Cause 2 — Train/inference mismatch
Random Dirichlet masking almost never presents the "predict an entire modality from
another alone" condition, so single-source MaskGIT decoding is out of distribution —
which is exactly why adding more conditioning reduces the generated energy
spread (75% → 58% of ground truth) instead of helping.
Lever: asymmetric / curriculum / modality-dropout masking
that explicitly trains single-source→full-modality prediction. Validation:
expect added context to help, not hurt, the energy spread.
Cause 3 — Below the emergence threshold
Contrastive audio-visual learning works at 10⁵–10⁶ paired clips (AudioCLIP, CLAP,
ImageBind); we operate at ~10⁴, roughly 1000× below 4M's training scale. The curves
saturate cleanly with val ≤ train throughout, so more compute on this data would not
help — the binding limit is data quantity.
Lever: scale to full VGGSound (~150k clips) and a larger
model. Validation: a 10k → 30k → 100k scan to locate the emergence threshold.
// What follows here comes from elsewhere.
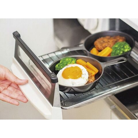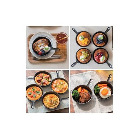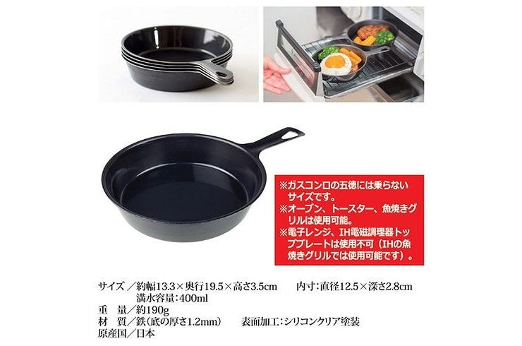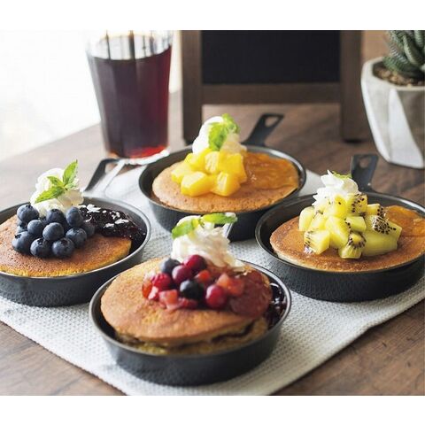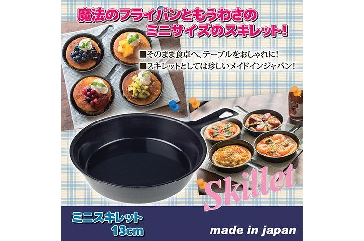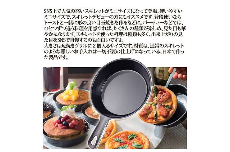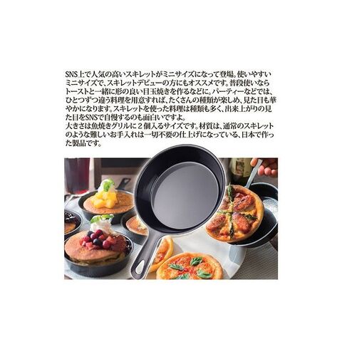 SNS上で人気の高いスキレットがミニサイズになって登場。使いやすいミニサイズで、スキレットデビューの方にもオススメです。普段使いならトーストと一緒に形の良い目玉焼きを作るなどに。パーティーなどでは、ひとつずつ違う料理を用意すれば、たくさんの種類が楽しめ、見た目も華やかになります。スキレットを使った料理は種類も多く、出来上がりの見た目をSNSで自慢するのも面白いですよ。大きさは魚焼きグリルに2個入るサイズです。材質は、通常のスキレットのような難しいお手入れは一切不要の仕上げになっている、日本で作った製品です。

We expect the semantic tokenizer to lift classification, the masking fix to repair the
out-of-distribution generation, and the data scale to lift retrieval — together closing the
cross-modal generation gap. A quantitative generation metric (Fréchet Audio Distance via a
CLAP embedder) would replace informal listening. The contribution of this project is the
precise diagnostic and the validated framework; the next steps are concrete and well-scoped.